ADVERTENCIA: No te conviertas en un adulto.

Cuando salió Pokémon Go el verano pasado tuve uno de los mejores momentos de mi vida de gamer. Nunca fui una gran gamer, pero soy de una generación que creció de la mano con la tecnología, y algún juego de pc* en mi historial tengo.

Nota: Este post estará acompañado de varios videos de mí haciendo bobadas, no te lo pierdas.

Para hacer un poco de background, tuve el privilegio de crecer en un hogar donde las computadoras u ordenadores eran moneda corriente, y tuve acceso a la tecnología desde muy chiquita. Para que se hagan una idea, he jugado muchos juegos cargándolos en MS-DOS, también usando disquettes -o floppy-, de los chiquitos, pero también los grandes, en ocasiones para jugar a un juego hacía falta copiar la información de varios disquettes al ordenador y luego ejecutarlo, cruzando los dedos para que funcionara…

Me gusta tener este conocimiento en mi haber. No me va a servir de absolutamente nada en el futuro, pero creo que haber visto esta evolución de las cosas hace que una valore más los privilegios del hoy y ahora.

Pokémon Go reunía un montón de cualidades que me transportaban de nuevo a una tardía década de los noventa.

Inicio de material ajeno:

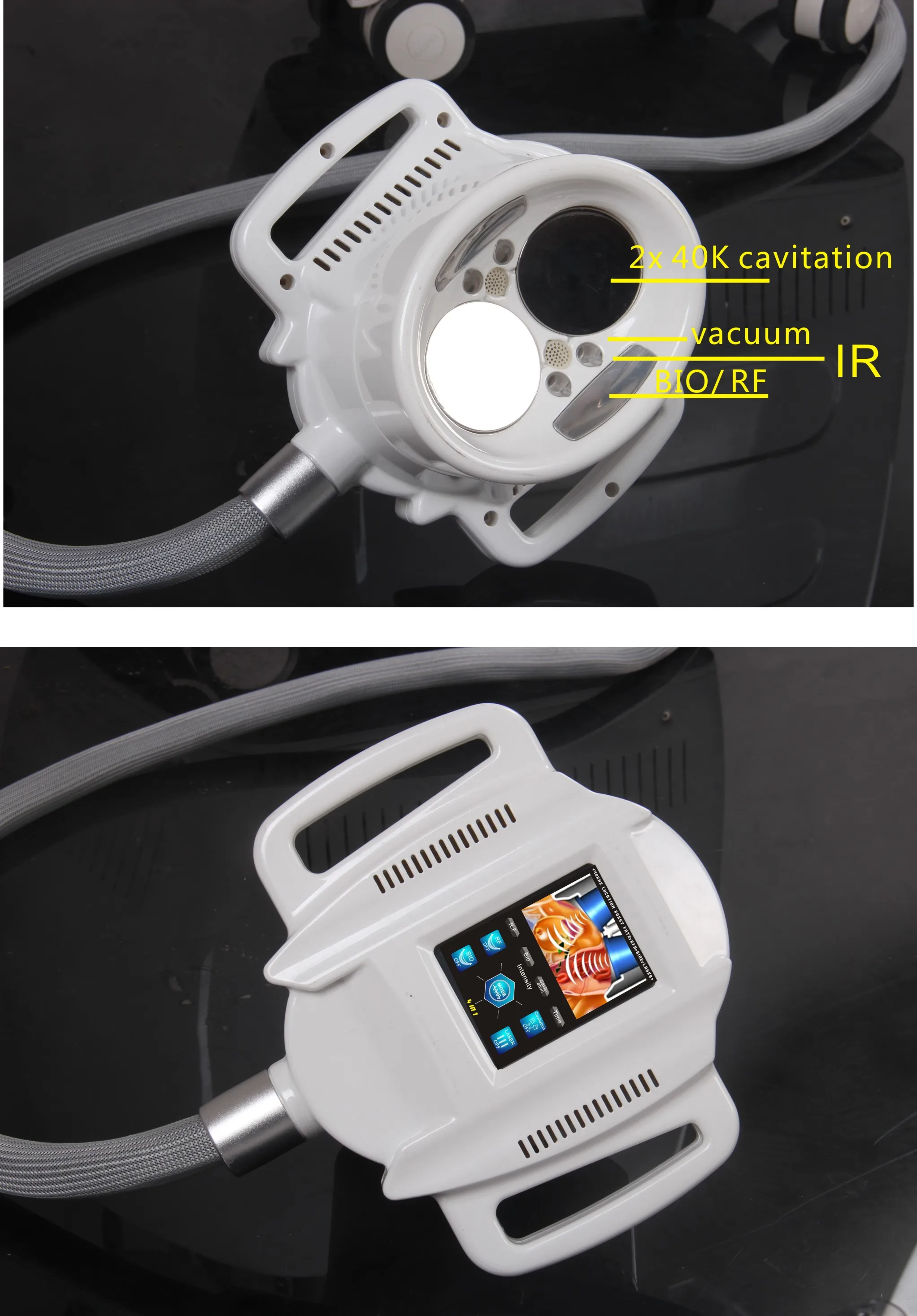 Нагрев (инфракрасная + радиочастотная энергия) А. Улучшает кровообращение и увеличивает диссоциацию кислорода от оксигемоглобина B. Способствует активности фибробласта C. Увеличивает метаболизм жировых клеток D. Улучшает текстуру кожи 40 кГц ультразвуковая кавитация для сжигания жира Ультразвуковая кавитация в сочетании с вакуумным роликом RF; Новая и инновационная обработка для получения тонкого тела путем усиления коллагена, сжигания жира и сжатия кожи. Липо-кавитация или ультра-кавитация может быть инновационная процедура дробления мира, в которой люди могут выйти на новый уровень, предлагая неоседлые результаты похудения и способность выглядеть моложе в течение нескольких недель. Эта последняя революция, призванная дать людям отличные результаты без операции, была чрезвычайно успешной. Аксессуары 1.V10 Velashape ручка (2x40KHZ ультразвуковая кавитация + вакуум + RF + лазер + БИО) 2.V9 большая ручка velashape (автоматический вакуумный ролик + RF + лазер + 3 фотона) 3. Ручка V9 middle velashape (автоматический вакуумный ролик + RF + лазер) 4. Небольшой вакуумный инфракрасный ВЧ-ручка (для лифтинга лица и шеи) 5. Вакуумный RF синий светильник для глаз (для удаления морщин глаз) Ультразвуковая кавитационная ручка 6,40 кГц 7. 8 большой лазерной тонкие прокладки 8. Криолиполиз наконечник для опции

La sensación de estar enganchada a un juego era algo que no me pasaba hacía años, ni el Candy Crush pudo conmigo, y al descubrirme pasándomelo bien y divirtiéndome como una nena chica llegué una vez más a la conclusión de que ser adulto es la peor mierda que te va a pasar en la vida, y que toda la adultez se termina reduciendo a los momentos en los que podés decir que todas tus responsabilidades de adulto están cubiertas y podés dedicarte un momento a vos mismo y disfrutar de la vida, es decir, como cuando no eras adulto.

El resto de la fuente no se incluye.